» **DATA SHOWN**
○ ○ ○

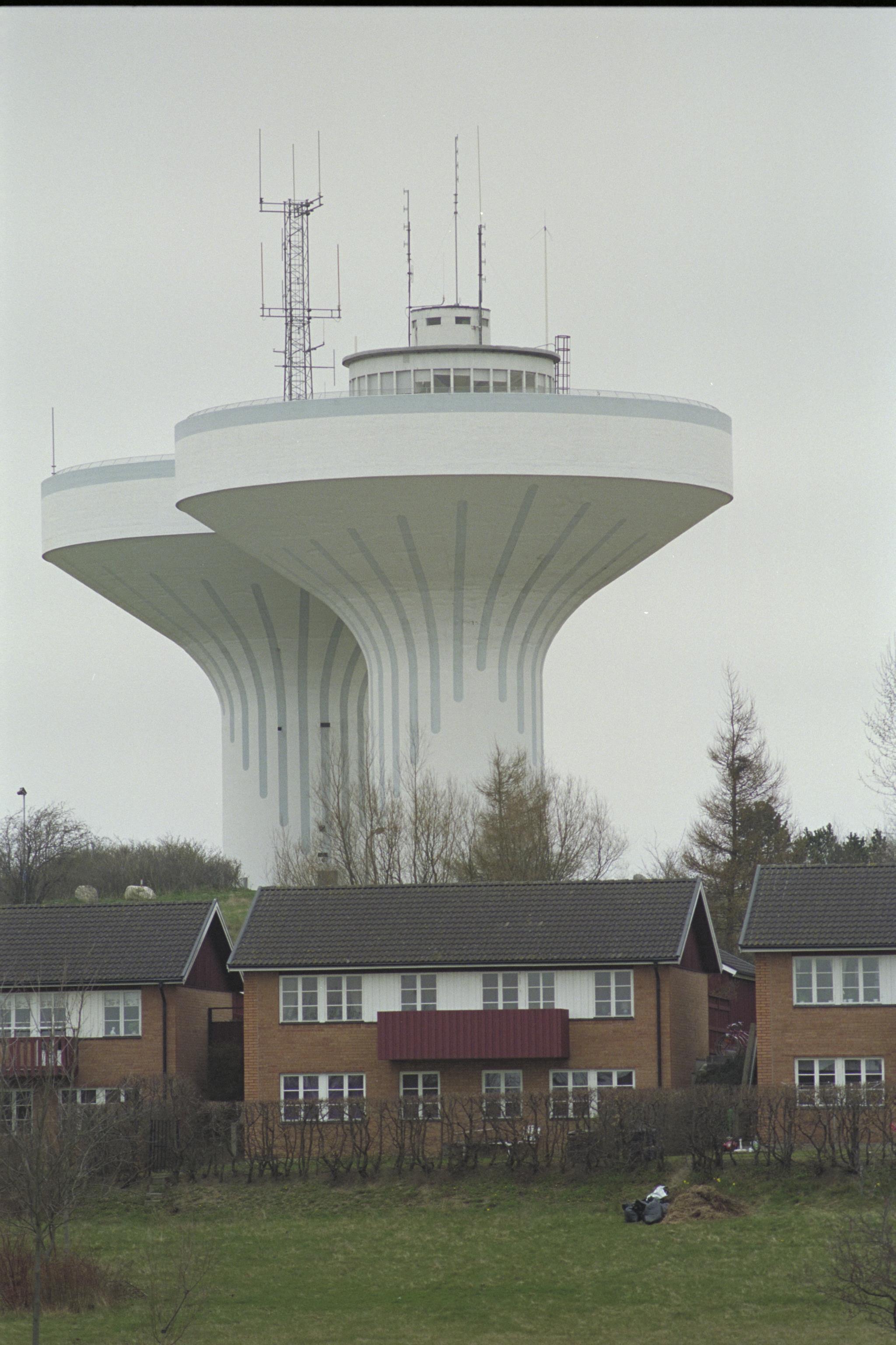 Bellevue, enfamiljshus med vattentorn i bakgrunden.
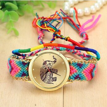 -. Title : New Brand Handmade Braided Elephant Friendship Bracelet Watch Geneva Watch Ladies Quarzt Watches
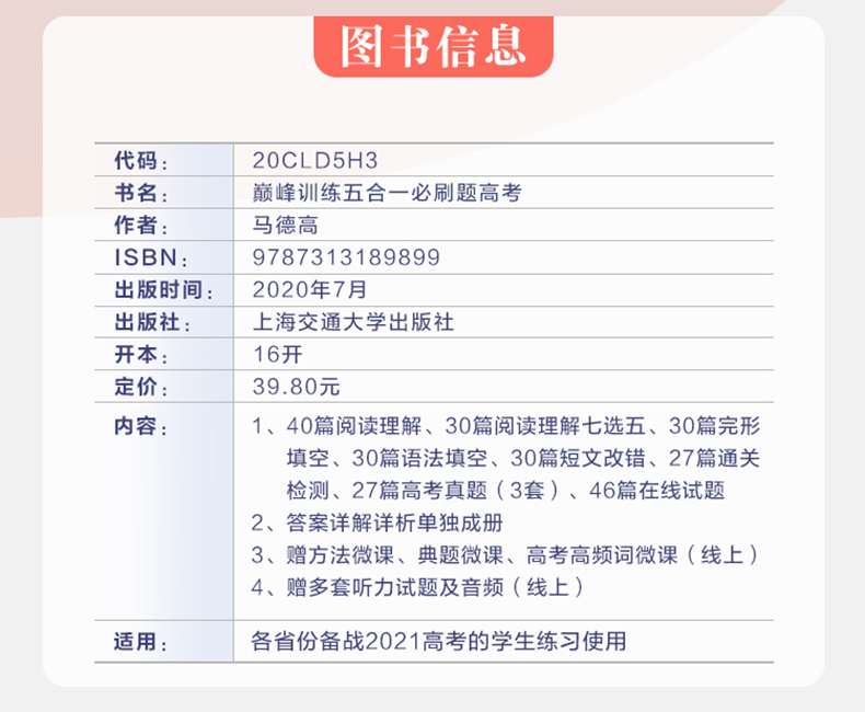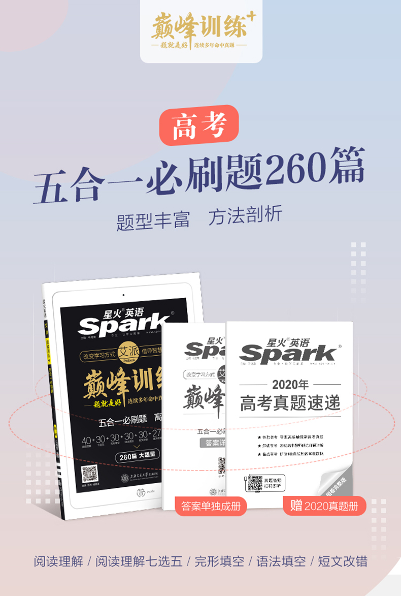 2020新版星火英语高中高考五合一必刷题阅读理解与完形填空七选五语法填空短文改错巅峰训练高三火星英语专项练习册含2019高考真题

○ ○ ○

» **ACTIVITY**
Word for word, give the data above again, without any images.

» **PROBLEM SOLUTION**
 Bellevue, enfamiljshus med vattentorn i bakgrunden.
 -. Title : New Brand Handmade Braided Elephant Friendship Bracelet Watch Geneva Watch Ladies Quarzt Watches
 2020新版星火英语高中高考五合一必刷题阅读理解与完形填空七选五语法填空短文改错巅峰训练高三火星英语专项练习册含2019高考真题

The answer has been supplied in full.